Mayor’s Task Force on eGovernment Releases Report
Today my Task Force on eGovernment released their report “Changing the Conversation- Transforming the Governance and Use of Technology in the Post-Amalgamation City”.
Please view the entire report and join the conversation at ottawa.taskforcereport.ca
The 82-page report contains eight recommendations dealing with governance, investment and citizen centricity We will be tabling it at the Corporate Services Committee later this afternoon and begin work on reviewing how the city can adopt their recomendations.
Task Force Chair Rob Collins outlined details of the report during the Mayor’s Breakfast series this morning and was joined by fellow members Ben Robataille, Michael Turner, Professor Gerald Grant, Robert Thompson, Andy Moffat, Ed Shepherdson and Kelly Kubrick.
I would like to thank each of them for their hard work. They have done an outstanding service for the citizens of Ottawa and I commend them for delivering a clear, concise report outlining how we can improve our communications with residents. Their recommendations, in particular those dealing with governance, can fundamentally transform our City government for the better.
The Task Force concluded that the benefits of exploiting proven, successful information technology tools and applications, should deliver improvements that will help the City of Ottawa break the lock-step relationship between City growth and growth in staffing and budgets.
Over the long-term, the Task Force believes cutting the costs associated with growth could deliver significant savings when measured against the City’s $2.1 billion budget. Conservative estimates show Ottawa’s population growing to one million peoplein the near future.
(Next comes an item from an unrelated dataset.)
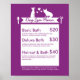 No more hiding your grooming salon's prices and services! Use this grooming menu poster to show all the grooming services your salon provides - and make it easy for customers to upgrade! Want to add or change something in the design? You can change the existing text into ANYTHING you want! Simply click the CUSTOMIZE button, and edit all the text and easily add your own services and prices. Inside the customise editor you can even change the font type, background and font colour! This dog grooming menu is part of a marketing toolkit - a series of matching marketing items including posters & business cards which can be found in our store.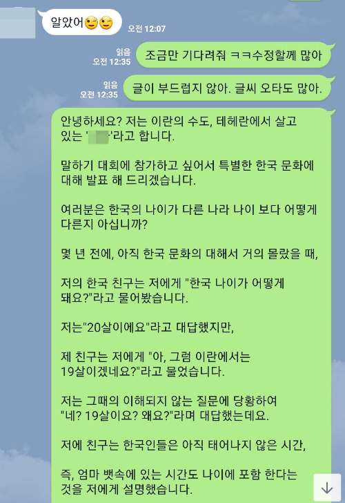 나는 운동 끝나고 이것저것 할 일이 많고 바빴던 시간이라 '오늘은 조금 할 일이 바쁘니 내일 너의 글을 수정해서 보내줄게라고 하였다. 그리고 내가 너의 발표 글을 읽는 음성 메시지도.. 참고하라고 보내줄게' 그렇게 시간이 흐르고 저녁 늦게 블로그를 작성하고 있을쯤 다시 메시지가 왔는데 4일밖에 발표 기간이 남지 않아 급한가 보다, 결국 나는 내 블로그 작성을 잠시 미루고 그녀의 발표 글을 대대적으로 수정해주고 주석까지 달아서 그녀에게 보낸다.

This represents a 23 per cent increase in population from the 2006 census figure of 812,129. To accommodate this growing population, the City’s operating costs are likely to grow by at least 20 per cent based on current trends.
However, the Task Force suggests that efficiencies gained from investing wisely in information technology and managing it intelligently could offset virtually all of that 20 per cent growth in operating costs.